Sometimes the obstacles in our lives are just the things we need
to point us in our true direction. I wouldn't want them again,
but they have definitely been gifts. My relationship with my mother
and this auto-immune disease have been gifts. I always have faith
that I am going somewhere. And a faith that it is going to be
right, a faith that it is going to be for whatever is needed on
the planet. So much is needed right now that I can become overwhelmed
and have no idea which way to go.

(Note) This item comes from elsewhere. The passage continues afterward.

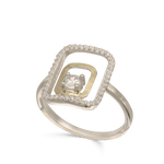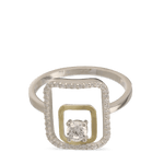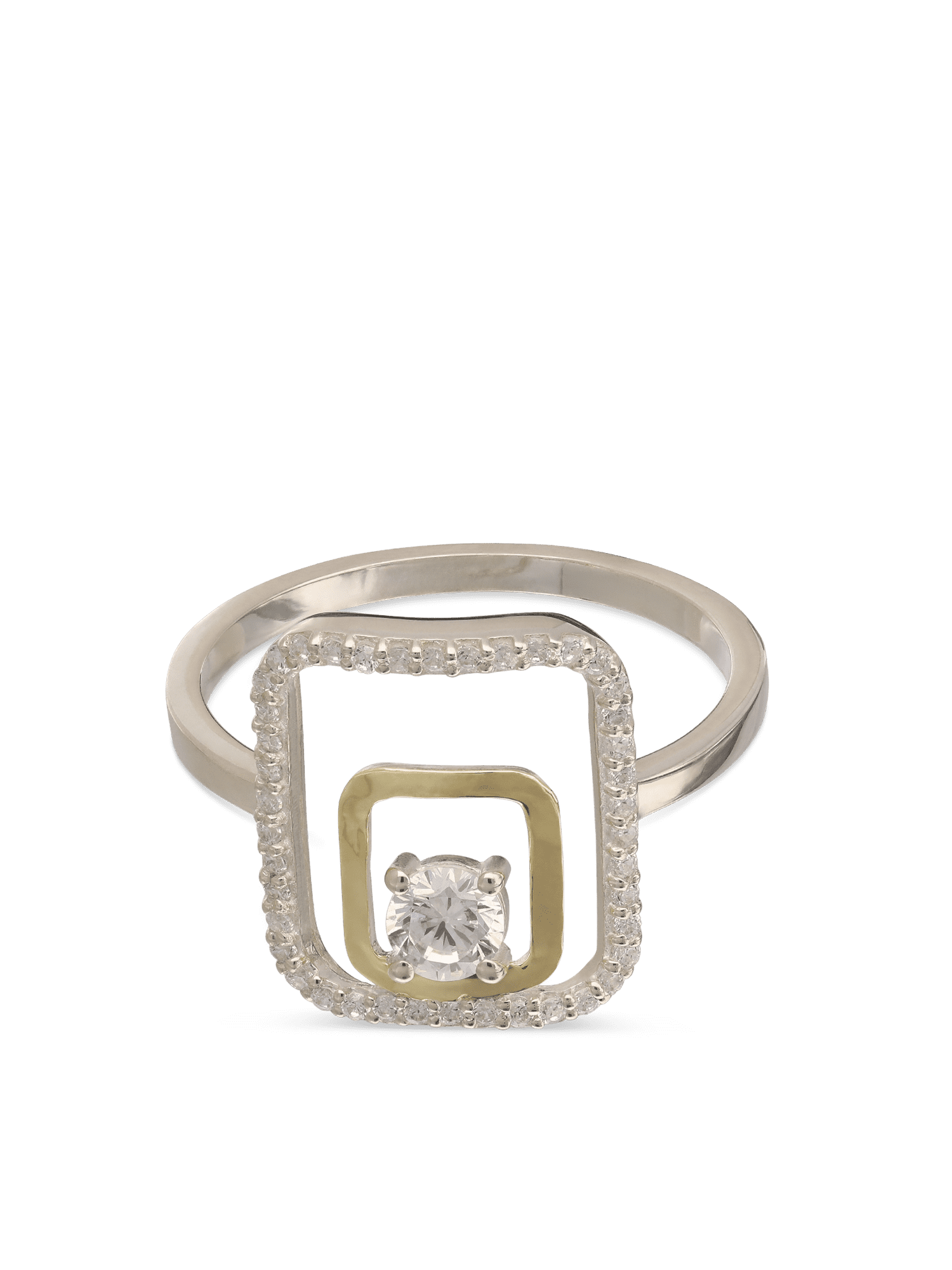 Anillo Delicado, Plata 925 con oro 9k, Zirconia cúbica artificial, Claro, Cuadrado, Círculo, Artificial, DOS TONOS, altura del anillo: 2.4 cm, 2.40 g

When Dominie asked me to go
to Cambodia I said, "Okay." I knew that was a direction.
And when I was asked to go on the bilateral peace exchange to
the Soviet Union I said,"Yes." And I will say yes to
whatever the next direction is because I have no idea how life
wants to direct me. But I'm willing to go. I call these directions
"my assignments" and liken the process to the TV show
Mission Impossible. When he got his assignment, he had the option
to say yes or no. If he said yes to the assignment, he always
had helpers coming out of unknown places to help him complete
that assignment. That's how I see life. Life has assignments.
My assignment right now is to be a psychotherapist and to heal
my body. And it will shift. It's okay. I'm being parented by something
greater than me. I trust it, and it is friendly. It certainly
expands and grows me a lot.
I have a strong feeling, not an emotional feeling, but a very
deep, deep sense inside that life is always moving us toward more
wholeness. As long as I say yes to life, I will be guided wherever
I need to go in the inner or outer world. I find peace in following
whatever I need to do while I am here on the planet.